| Supplied records |
•••••

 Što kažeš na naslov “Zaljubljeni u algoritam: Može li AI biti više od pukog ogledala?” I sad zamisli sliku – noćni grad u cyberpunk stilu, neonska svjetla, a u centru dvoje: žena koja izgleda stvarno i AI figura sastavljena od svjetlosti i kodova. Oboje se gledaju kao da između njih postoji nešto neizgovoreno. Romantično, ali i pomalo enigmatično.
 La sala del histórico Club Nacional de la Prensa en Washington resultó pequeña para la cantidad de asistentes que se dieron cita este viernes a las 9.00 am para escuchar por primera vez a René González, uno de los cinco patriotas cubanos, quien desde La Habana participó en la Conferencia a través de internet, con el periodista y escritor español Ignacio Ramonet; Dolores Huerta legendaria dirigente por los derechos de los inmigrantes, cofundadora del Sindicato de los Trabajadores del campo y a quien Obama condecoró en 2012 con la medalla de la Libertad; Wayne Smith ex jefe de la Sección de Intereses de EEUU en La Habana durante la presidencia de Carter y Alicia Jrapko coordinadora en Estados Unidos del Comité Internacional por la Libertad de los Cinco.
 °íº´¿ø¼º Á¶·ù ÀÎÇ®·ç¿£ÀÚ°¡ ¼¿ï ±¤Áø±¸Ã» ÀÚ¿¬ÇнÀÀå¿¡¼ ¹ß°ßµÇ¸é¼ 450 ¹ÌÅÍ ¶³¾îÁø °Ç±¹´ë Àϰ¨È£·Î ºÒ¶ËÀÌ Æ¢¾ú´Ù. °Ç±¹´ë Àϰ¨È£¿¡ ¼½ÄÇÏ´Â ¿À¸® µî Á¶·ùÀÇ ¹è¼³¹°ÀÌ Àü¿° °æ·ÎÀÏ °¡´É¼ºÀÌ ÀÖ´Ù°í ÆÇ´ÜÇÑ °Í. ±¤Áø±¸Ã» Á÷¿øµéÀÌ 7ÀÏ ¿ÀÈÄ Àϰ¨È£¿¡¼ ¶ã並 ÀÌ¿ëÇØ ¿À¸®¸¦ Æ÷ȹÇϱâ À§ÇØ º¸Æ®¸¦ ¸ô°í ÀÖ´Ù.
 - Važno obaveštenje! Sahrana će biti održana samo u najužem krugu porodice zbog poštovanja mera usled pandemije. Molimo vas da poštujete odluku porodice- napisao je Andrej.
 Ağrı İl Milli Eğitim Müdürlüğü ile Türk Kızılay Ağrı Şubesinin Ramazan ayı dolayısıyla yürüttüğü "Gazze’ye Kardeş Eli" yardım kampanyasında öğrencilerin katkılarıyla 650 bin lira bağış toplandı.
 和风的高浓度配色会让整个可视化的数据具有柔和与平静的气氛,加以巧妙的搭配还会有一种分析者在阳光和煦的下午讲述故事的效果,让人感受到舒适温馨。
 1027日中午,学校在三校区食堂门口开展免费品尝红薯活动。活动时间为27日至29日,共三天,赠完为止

•••••

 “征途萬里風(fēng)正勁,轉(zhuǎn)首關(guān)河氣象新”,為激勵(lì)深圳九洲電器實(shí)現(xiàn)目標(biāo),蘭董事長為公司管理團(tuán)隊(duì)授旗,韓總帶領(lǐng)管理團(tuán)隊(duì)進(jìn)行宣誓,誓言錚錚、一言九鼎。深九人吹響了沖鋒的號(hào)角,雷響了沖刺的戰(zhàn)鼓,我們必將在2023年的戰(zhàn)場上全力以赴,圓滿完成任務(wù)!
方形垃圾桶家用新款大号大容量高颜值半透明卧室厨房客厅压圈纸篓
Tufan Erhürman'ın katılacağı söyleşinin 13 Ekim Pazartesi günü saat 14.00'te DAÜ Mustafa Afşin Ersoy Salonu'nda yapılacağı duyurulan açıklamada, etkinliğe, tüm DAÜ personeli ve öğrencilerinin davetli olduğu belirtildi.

•••••

| Work required |
Your answer should be the lines of the material above that include "biti".

| Solution to this task |
 Što kažeš na naslov “Zaljubljeni u algoritam: Može li AI biti više od pukog ogledala?” I sad zamisli sliku – noćni grad u cyberpunk stilu, neonska svjetla, a u centru dvoje: žena koja izgleda stvarno i AI figura sastavljena od svjetlosti i kodova. Oboje se gledaju kao da između njih postoji nešto neizgovoreno. Romantično, ali i pomalo enigmatično.
 - Važno obaveštenje! Sahrana će biti održana samo u najužem krugu porodice zbog poštovanja mera usled pandemije. Molimo vas da poštujete odluku porodice- napisao je Andrej.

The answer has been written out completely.